__Exercise objective__
Only the lines from the one containing "Researchers improved analysis" to the end of the data should be copied, exactly and without pictures.

** Opening Material shown block **

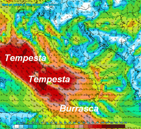 Massima attenzione alla Corsica, la Sardegna e la Sicilia, oltre ovviamente ai bracci di mare circostanti. La mappa evidenzia venti superiori a 100km/h da nord-ovest, una vera e propria tempesta che alzerà onde considerevoli. Di conseguenza sarebbero da evitare le uscite in mare per qualsiasi imbarcazione.
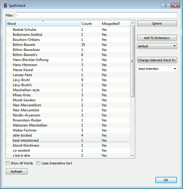 In the "Filter" box, I just stick a hyphen. This will show you every single word with a hyphen in it. Then you can quickly scan the list and see if you spot any oddities. For example, things like "-the" or "-and" will almost NEVER be correct. So when you have a sentence like this:
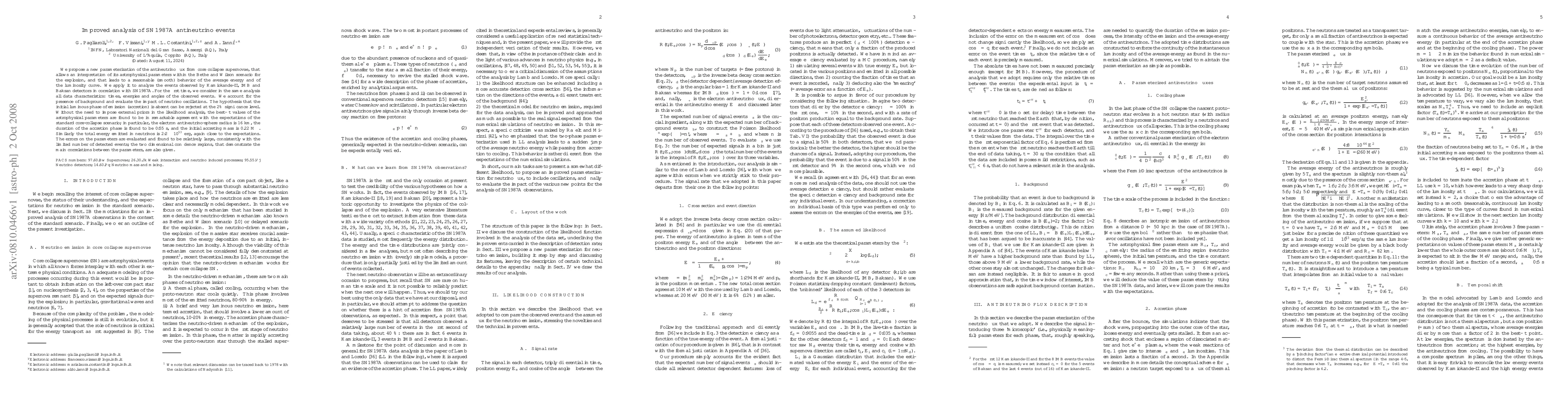 Researchers improved analysis of SN1987A antineutrino events, finding agreement with standard core-collapse scenario parameters, including electron antineutrino-sphere radius and total energy emitted in neutrinos.
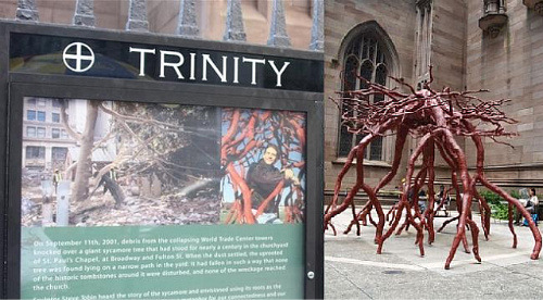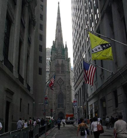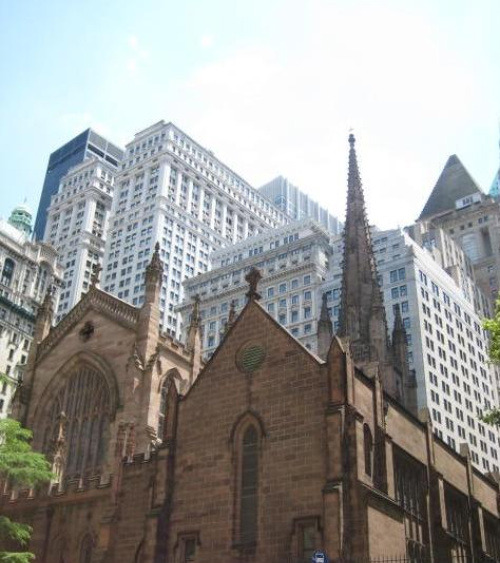 뉴욕시의 트리티니 교회는 맨하탄 하부 지역의 월 스트리트, 월드 트레이드 타워가 한 때 서 있었던 바로 그 자리와 직접적으로 마주하고 있는 곳에 있다.
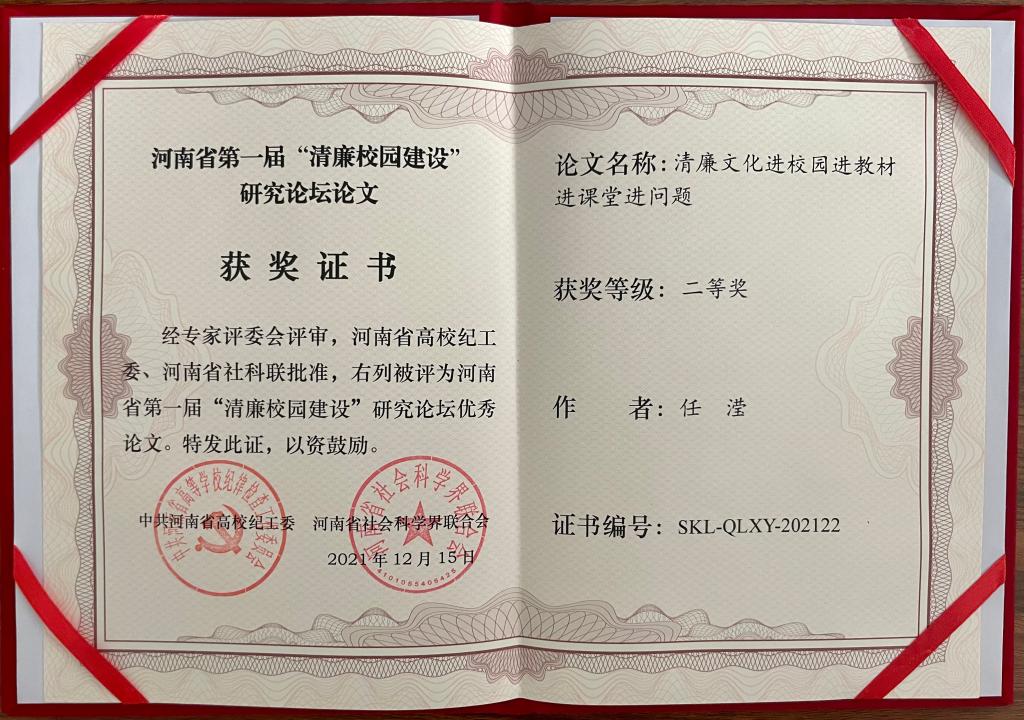 本网讯(文/赵海阳 图/崔璨)近日,河南省第一届“清廉校园建设”研究论坛征文活动评选结果揭晓,米兰(中国)马克思主义学院教师任滢撰写的论文《清廉文化进校园进教材进课堂进问题》和张丽霞、张亚萍、李海燕、张凯璐撰写的论文《大学生廉洁教育现状调研及其路径探析》获二等奖,米兰(中国)纪委获优秀组织奖。
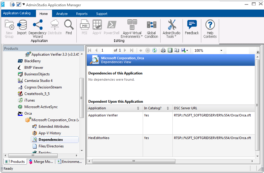 - In the tree, expand an App-V package and select the Dependencies node. The Dependencies View opens.
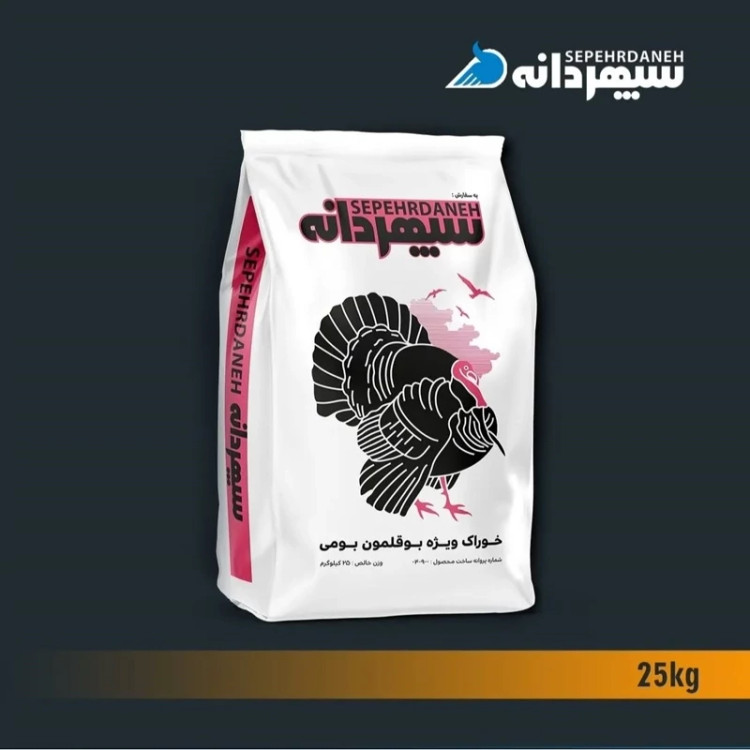 خوراک ویژه بوقلمون تخمگذار بومی سپهردانه بسته 25 کیلویی (پس کرایه)
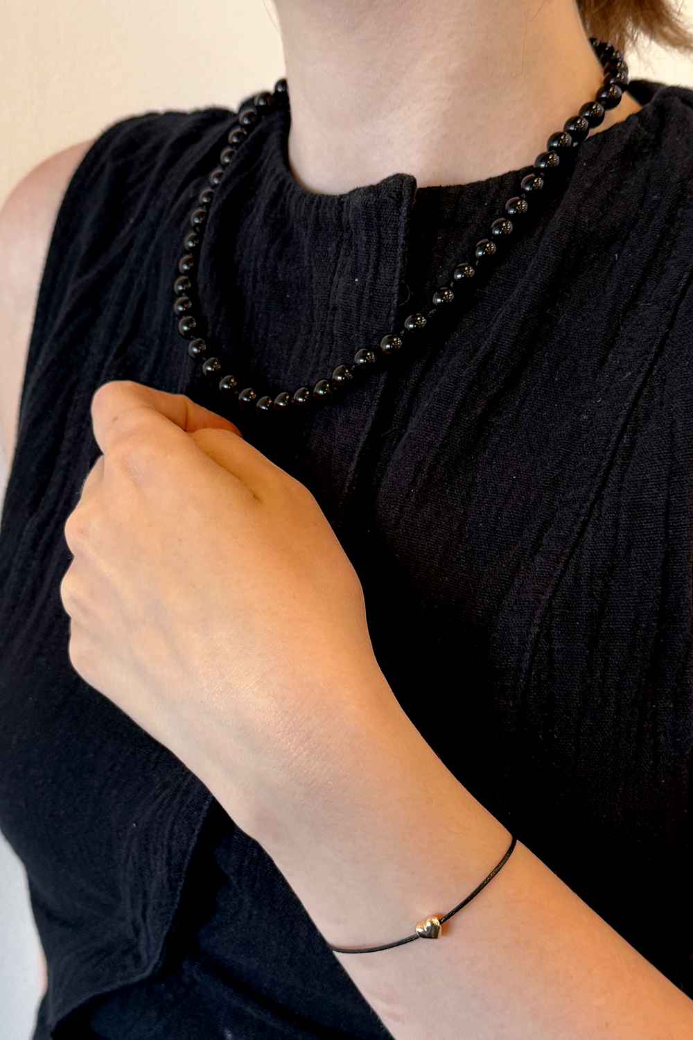 Tyndt armbånd af reb dekoreret med et guldfarvet hjerte.
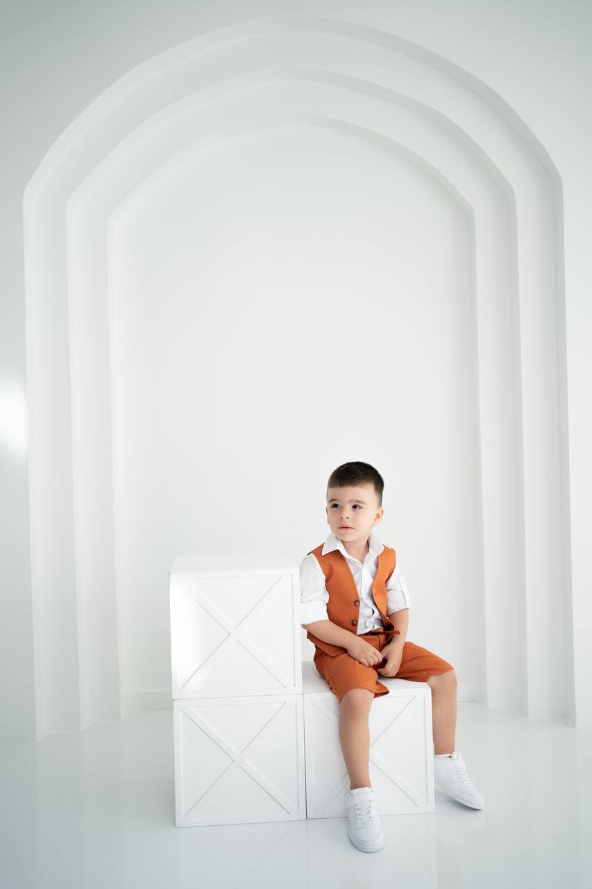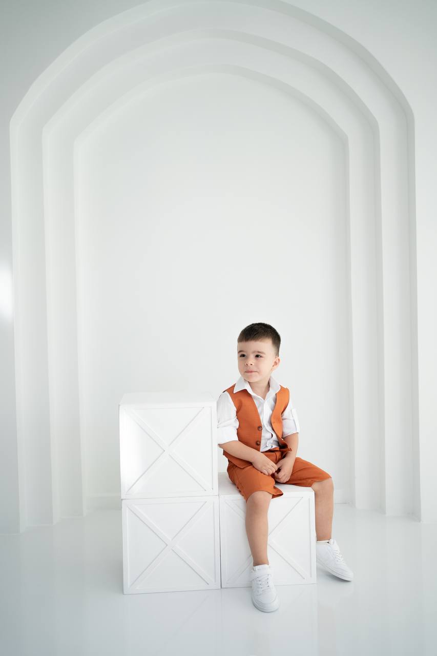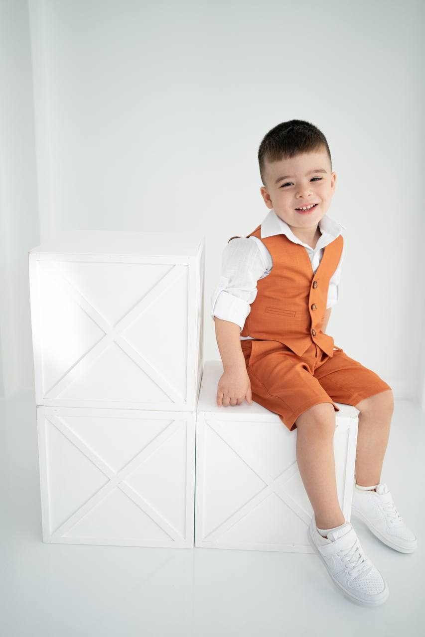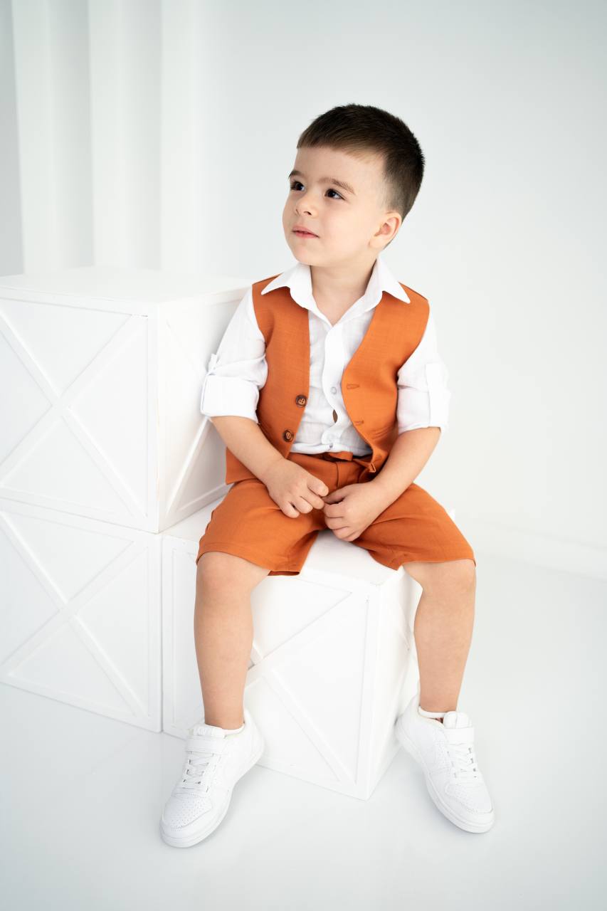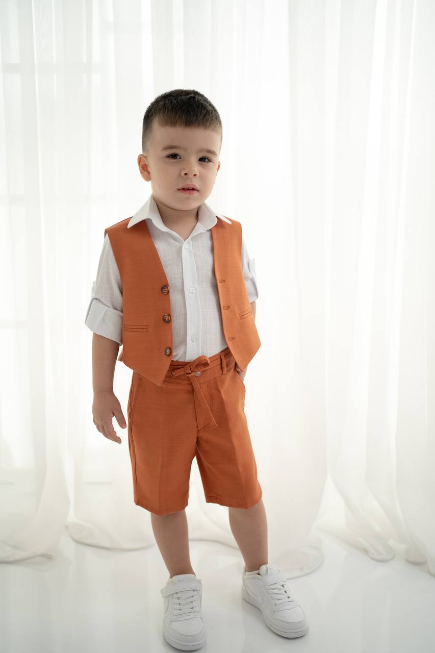 Erkek Çocuk Turuncu Yelekli Şort Takım

** Closing Material shown block **

__Answer to this exercise__
 Researchers improved analysis of SN1987A antineutrino events, finding agreement with standard core-collapse scenario parameters, including electron antineutrino-sphere radius and total energy emitted in neutrinos.
 뉴욕시의 트리티니 교회는 맨하탄 하부 지역의 월 스트리트, 월드 트레이드 타워가 한 때 서 있었던 바로 그 자리와 직접적으로 마주하고 있는 곳에 있다.
 本网讯(文/赵海阳 图/崔璨)近日,河南省第一届“清廉校园建设”研究论坛征文活动评选结果揭晓,米兰(中国)马克思主义学院教师任滢撰写的论文《清廉文化进校园进教材进课堂进问题》和张丽霞、张亚萍、李海燕、张凯璐撰写的论文《大学生廉洁教育现状调研及其路径探析》获二等奖,米兰(中国)纪委获优秀组织奖。
 - In the tree, expand an App-V package and select the Dependencies node. The Dependencies View opens.
 خوراک ویژه بوقلمون تخمگذار بومی سپهردانه بسته 25 کیلویی (پس کرایه)
 Tyndt armbånd af reb dekoreret med et guldfarvet hjerte.
 Erkek Çocuk Turuncu Yelekli Şort Takım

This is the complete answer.